Yes, there were many larger-than-her-cup-size moments for the queer-loving country crooner’s Michigan stop, and if you opted out of all the behemoth-ness, here’s what you missed:
You can’t top Dolly when it comes to drag – but you can try. And some proved they will always love her by attempting to be her. Two wannabes were Dolly-ed up, and one, with the pink jacket and leopard get-up, looked remarkably like the Smoky Mountain songstress’ ensemble on the cover of her latest, “Backwoods Barbie.” At least the 62-year-old knows her fan base (who, by the way, was overwhelming women, and gay men who wouldn’t have screwed up one word had they been part of Dolly Parton night on last season’s “American Idol”). After wrapping “Jolene” she suggested changing the title to “Drag Queen,” and then she sang a few lines: “Drag queen, drag queen, drag queen, drag queeeeen.”
The Corny Factor
As cheesy as it was to see Dolly turn ’80s staple “She Drives Me Crazy” into a twang-tossed number (and wrapping it with a hip-smackin’ throw-down), it was also non-debatably like listening to the Spice Girls: Not really rewarding, but always, for reasons we don’t wanna admit, an eleven on the one-to-10 Happy Scale. The only thing that could best that? Seeing her instrument assistant do the hoedown on “Thank God I’m a Country Girl,” where he two-stepped in suspenders, exposing his bare, chiseled chest. Ah, thank God I’m a (gay) country boy.

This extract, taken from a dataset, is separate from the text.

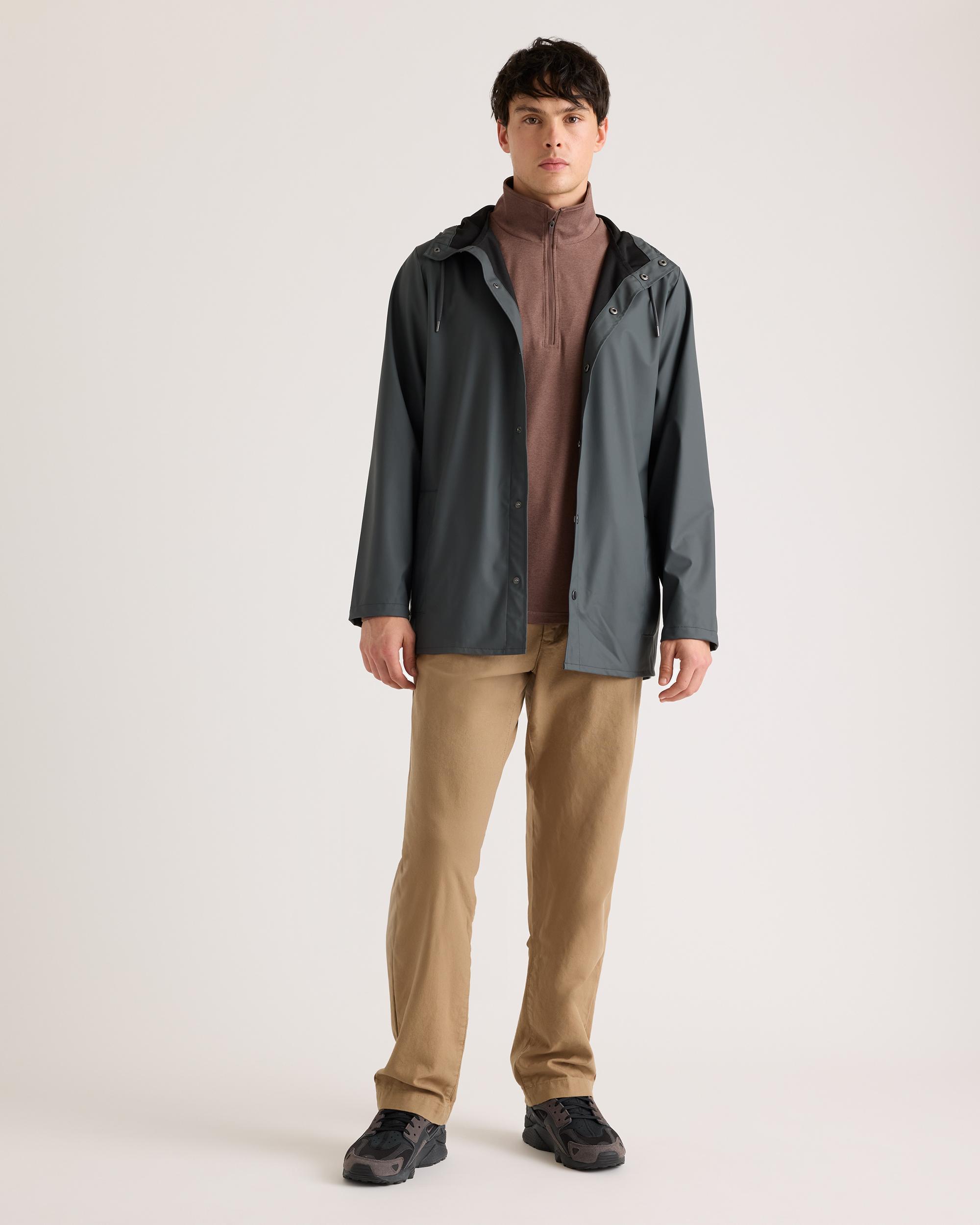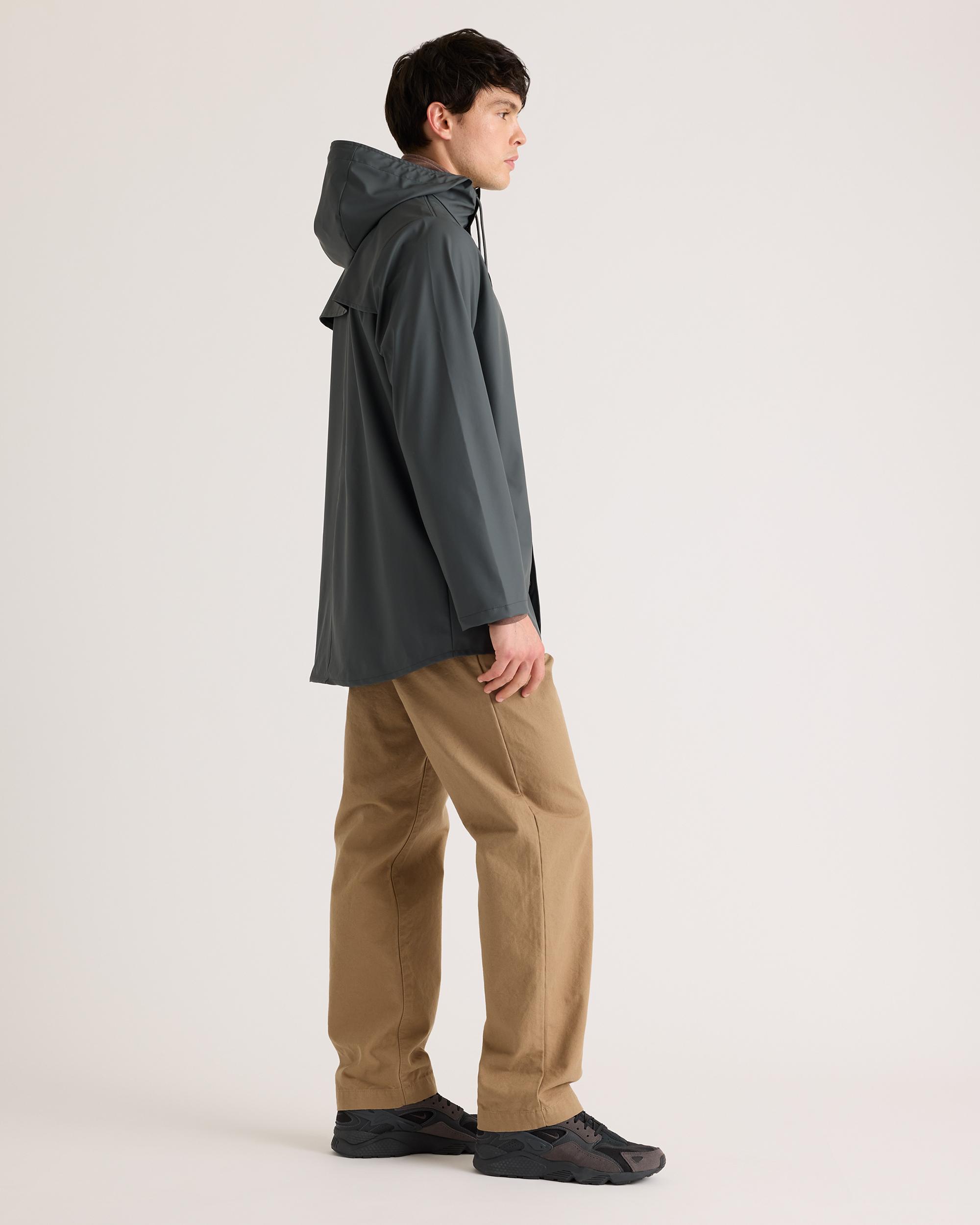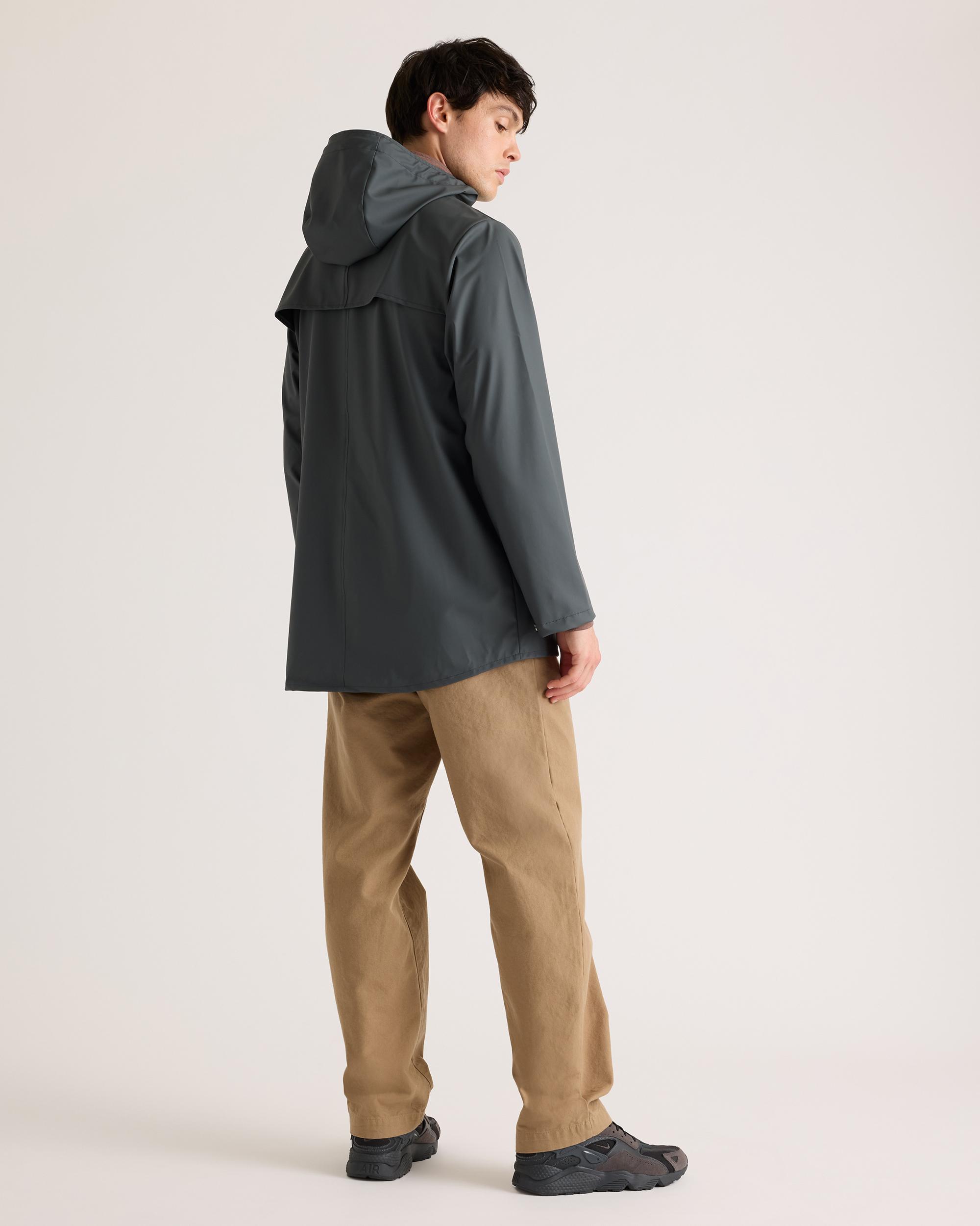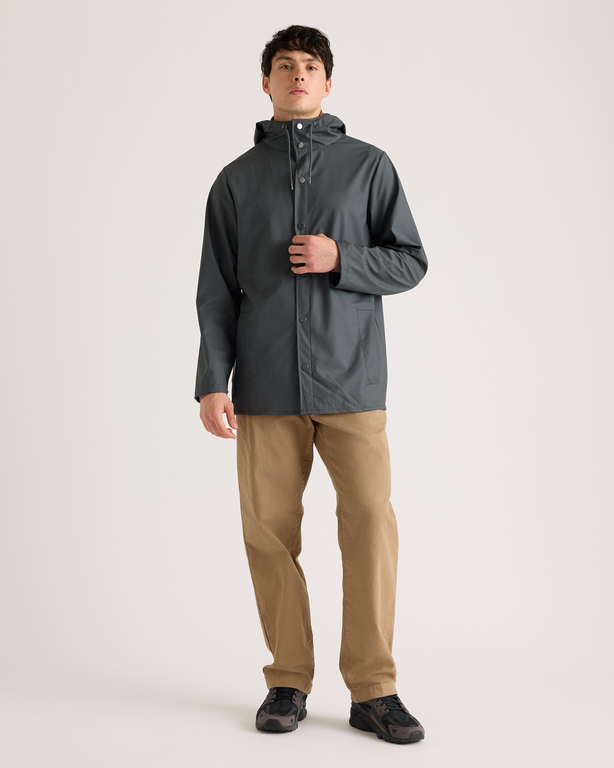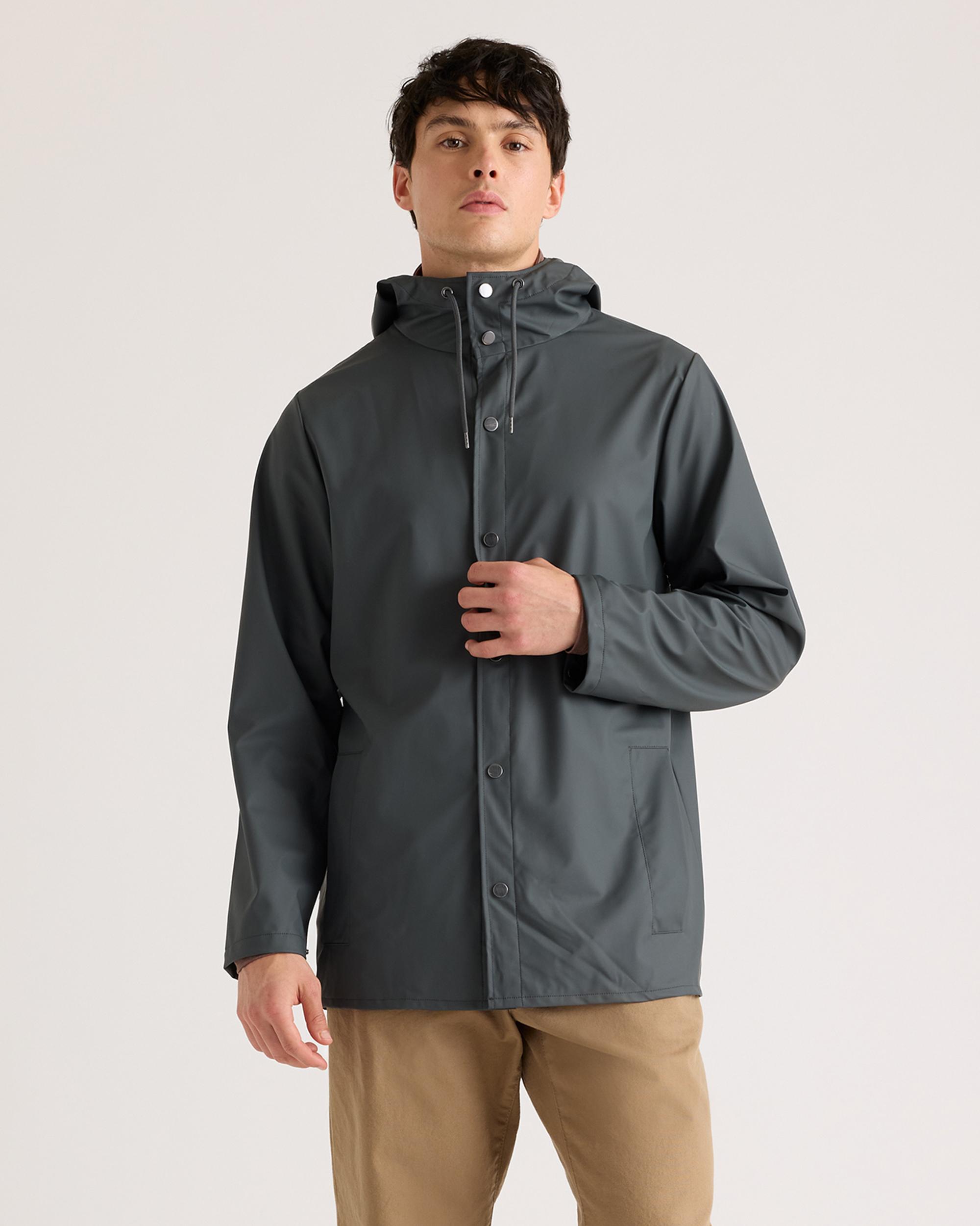 Introducing our Waterproof Rubberized Rain Jacket – a sleek and stylish solution for rainy days. Crafted from a cutting-edge rubberized fabric, this jacket keeps you dry without compromising on style. The smooth, matte finish and minimal silhouette give it a sharp, modern look that easily elevates your outerwear game. Looking for something longer? Try our longer length. | Quince | Men's Waterproof Rubberized Rain Jacket in Slate, Size XXL, Recycled Polyester

Whether performing new “Backwoods Barbie” songs, like the churchy showstopper “Jesus & Gravity” and sassy “Shinola,” or time-warping into her five-decade catalog for “I Will Always Love You” or set-launcher “Two Doors Down,” nothing was artificial about that voice – which at times could tug tears from even The Rock, sound like Little Girl Dolly (or like she sucked in too much helium) on “Puppy Love,” or just plain woo with an almost-acoustic “Little Sparrow” and an a cappela multiple-part harmony on “Do I Ever Cross Your Mind?” Her flawless pipes weren’t the only instrument she put to use; she played the acoustic and electric guitar, a rhinestone-encrusted autoharp, a bedazzled piano and a tin whistle and tambourine – like she didn’t have a 11-piece band behind her.
The (Self-Deprecating, Sex, Boob) Jokes
She’s recycled some of the same hokey jokes for years – “It cost me a lot of money to look this cheap,” but, like her, they never get old. Some of the biz’s best stage banter belongs to the quippy charmer, like when one fan shouted, “I love you, Dolly!” and she quickly zapped back with, “I love you, too! But I thought I told you to stay in the truck?” She also ripped on herself plenty of times, remarking that she wouldn’t run for president (because, “we’ve had enough boobs in the White House”) and asking the audience, when she returned for the show’s second set in a frayed lime-green gown: “Do I look like the Geico frog?” Even if she doesn’t know her reptiles (it’s a lizard, Dolly), she’s like a puppy – impossible to resist.